It’s also worth noting that consumer confidence peaks just before a recession, indicating exuberance for the economy before it reverses sharply. Today, there is a sharp divergence between CEO and consumer confidence. This divergence has historically taken years to unwind, but it’s worth monitoring that consumer confidence is at a cyclical high while CEO confidence is at a cyclical low. 

SECTION 4: Technical Warnings – breadth signals

Over the last couple of weeks, we’ve had an unusual number of breadth warnings, which basically monitor the number of stocks participating in the rally.

There are 2 popular signals that have been good harbingers of, at minimum, a large correction in the past – the Hindenburg Omen and Titanic Syndrome. We have seen a cluster of such signals trigger ranging over the NYSE and NASDAQ. In fact, we had an extremely rare occurrence where seven Hindenburg Omens triggered in a row on the NASDAQ recently.

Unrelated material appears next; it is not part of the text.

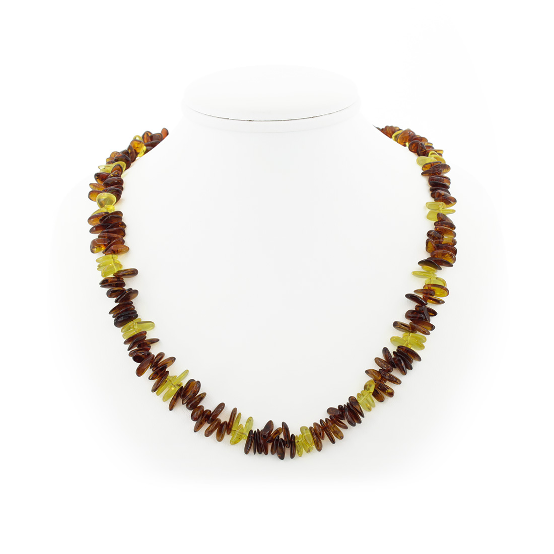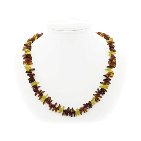 Янтарь светлый и темный, разноразмерая галька, "Елочка" бусы длиной 57см

The below chart was comprised by Jason Goepfert of Sentiment Trader, and it shows the instances going back 30 years where we had a combined 10 signals over 7 sessions between the NYSE and NASDAQ. The red dots show when these occurrences happened.

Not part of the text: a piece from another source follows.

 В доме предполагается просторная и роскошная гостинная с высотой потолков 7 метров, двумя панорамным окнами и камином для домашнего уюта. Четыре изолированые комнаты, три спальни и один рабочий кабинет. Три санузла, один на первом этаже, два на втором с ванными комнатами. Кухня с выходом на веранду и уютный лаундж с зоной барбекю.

Chart Source: Sentiment Trader

SECTION 5:  Divergence in Semis

Chart Source: Knox Ridley

The above chart is showing the Philadelphia Semiconductor Index (SOXX) compared to the South Korean Kospi Index. South Korea is an economy that is fueled by some of the world’s largest semi-conductor companies, as well as many mid-level players. Companies such as Samsung, and SK Hynix supplied over 60% of the components used in memory chips sold globally in 2018. So, the KOSPI can provide more information about the global health of semiconductors. 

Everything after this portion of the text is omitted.